At last week’s MIT Technology Review Digital Summit, I took to the stage to discuss the need for a new type of network for connecting Internet of Things embedded devices. In doing so, I also presented the five challenges of Internet of Things connectivity.
When developing IoT devices in the lab, network connectivity is fairly easy. With a couple of devices and a server running on the back end, connectivity is seamless and low latent. However, deploying that IoT app on a global scale, to thousands or even millions of users simultaneously, is a whole other ball game.
Unfortunately the Internet isn’t just one network, and considerations include heterogenous networks, including cell towers, slow connectivity, fast connectivity, proxy servers, and firewalls; all things that can disrupt connectivity.
Check out video of my talk below, or keep scrolling to see the 5 challenges of IoT connectivity:
At PubNub, we think a lot about IoT connectivity. So to make PubNub the best network for connecting and signaling between Internet of Things devices, we first had to understand the challenges of doing so. Presenting the 5 challenges of IoT connectivity:
With connected IoT devices, reliable bidirectional signaling is essential for collecting and routing data between devices. That’s where IoT data streams comes into play. Devices may be talking to a server to collect data, or the server may be talking to the devices, or maybe those devices are talking to one another. No matter what the use case, data needs to get from point A to point B quickly and reliably. You need to be 100% sure that that stream of data is going to arrive at its destination every time.
Security is a huge umbrella, but it’s paramount in Internet of Things connectivity.

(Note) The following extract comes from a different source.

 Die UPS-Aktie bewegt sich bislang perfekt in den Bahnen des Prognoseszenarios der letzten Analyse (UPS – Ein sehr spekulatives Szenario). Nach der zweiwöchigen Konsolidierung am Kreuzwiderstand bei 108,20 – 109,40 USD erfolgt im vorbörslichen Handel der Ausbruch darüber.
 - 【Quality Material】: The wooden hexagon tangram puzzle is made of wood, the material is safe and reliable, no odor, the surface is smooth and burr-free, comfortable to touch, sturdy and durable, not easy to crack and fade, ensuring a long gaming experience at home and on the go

For example, what good is a smart home if anyone can unlock your doors? Here are three specifics:
- Authorization: When sending or receiving a stream of data, it’s essential to make sure that the IoT device or server has proper authorization to send or receive that stream of data.

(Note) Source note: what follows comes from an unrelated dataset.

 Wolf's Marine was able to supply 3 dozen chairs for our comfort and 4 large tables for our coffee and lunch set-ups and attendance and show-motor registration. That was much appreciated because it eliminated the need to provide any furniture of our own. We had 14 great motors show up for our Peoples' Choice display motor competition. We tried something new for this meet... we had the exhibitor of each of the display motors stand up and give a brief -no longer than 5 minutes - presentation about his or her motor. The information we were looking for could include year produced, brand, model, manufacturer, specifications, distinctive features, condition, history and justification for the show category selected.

- Open ports: An IoT device is dangerously vulnerable when it’s sitting and listening to an open port out to the Internet. You need birectional communication, but you don’t want to have open ports out to the Internet.

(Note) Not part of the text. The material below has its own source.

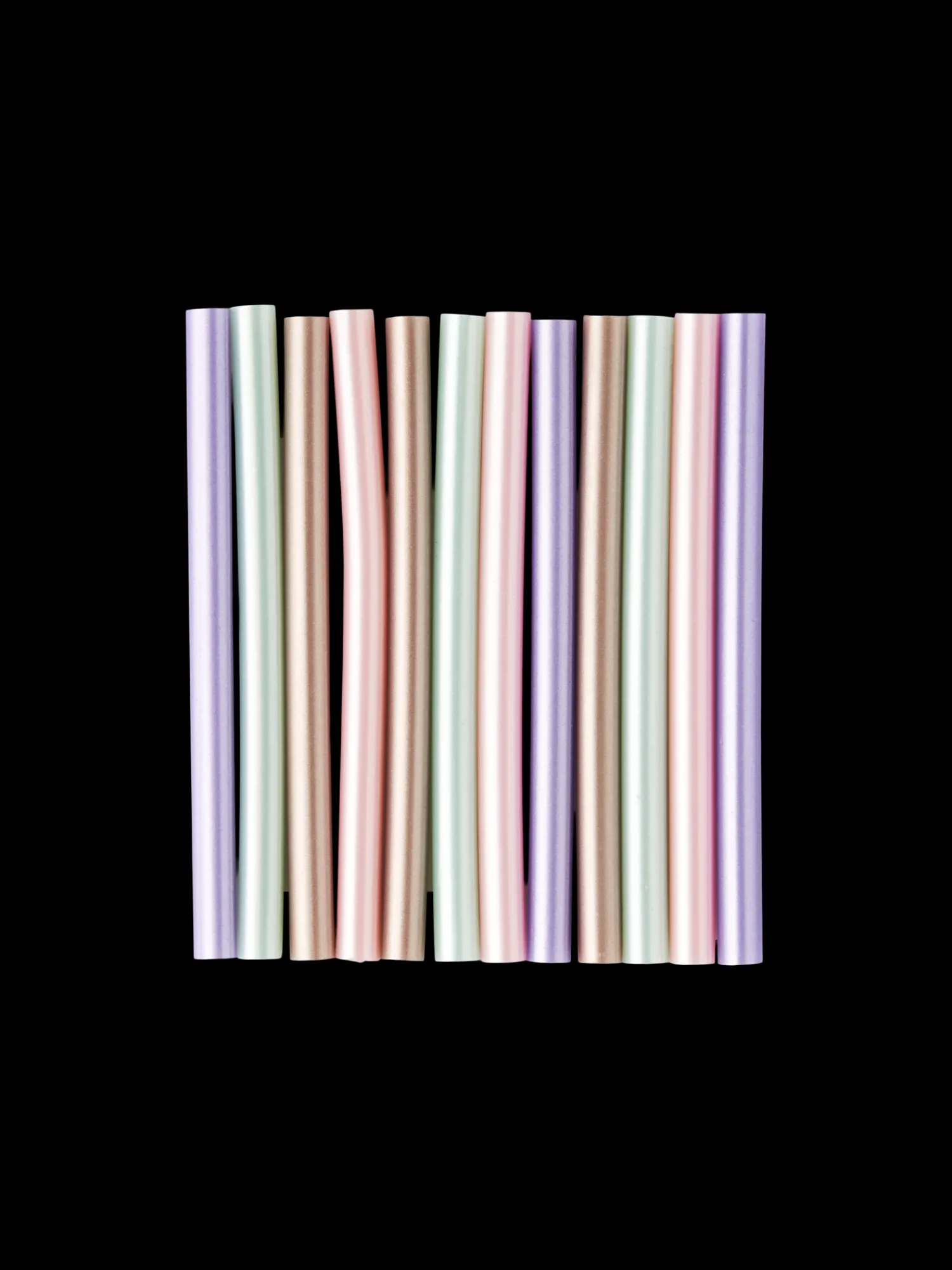 Søstrenes limpatroner selges i en pakke med tolv stykker i assorterte metalliske farger.

- Encryption: You need end to end encryption between devices and servers.
3. Presence Detection
It’s important to immediately know when an IoT device drops off the network and goes offline. And when that device comes back online, you need to know that as well. Presence detection of IoT devices gives an exact, up to the second state of all devices on a network. This gives you the ability to monitor your IoT devices and fix any problems that may arise with your network.
4. Power consumption
Thousands of IoT devices signaling and sending data between one another takes a toll on power and CPU consumption. With all this communication, you need minimal battery drain and low power consumption. You can’t afford to use up 100% of an IoT devices’s small and expensive embedded CPU power.
In addition to power and CPU, bandwidth consumption is another challenge for IoT connectivity. Bandwidth on a cellular network is expensive, especially with hundreds of thousands of IoT devices on a network sending request/response signals to your server.
That’s a huge server issue and a requires a large scale server farm handling all this data. You need a lightweight network that can seamlessly transfer data between devices and servers.
Connecting IoT Devices with PubNub
IoT connectivity should be a forethought before deployment, not an after thought. Having scalable IoT network to connect devices and servers is critical for a large scale IoT app. It’s essential to consider these five IoT connectivity issues.
These are the types of Internet of Things challenges we’ve solved at PubNub. With over two hundred million connected devices connected to our global real-time data stream network in fourteen data centers, we average 50 to 60 thousand transactions per second, peaking at over 3 million. PubNub is used to stream data and signal for hundreds of different IoT uses cases including:
- Automotive: Connected cars need a real-time communication layer to stream data and signal between their fleet, dispatch, and the consumer on the app. Examples: Sidecar, Lyft, Easy Taxi, Gett, Zoomy
- Home Automation: A real-time data stream network can be used to signal and trigger actions for smart devices and home automation solutions. Examples: Insteon, Revolv, Vivint
- Wearables: IoT wearables require a low latent, lightweight network to stream data between the device and a server. Battery, CPU, and bandwidth consumption are all important considerations that must be taken into account. Examples: 3rd Eye, AllJoyn
By 2020, it’s estimated that there will be between 20 and 30 billion connected devices on the Earth. As a result, how we connect those devices should take precedence as the IoT field grows exponentially.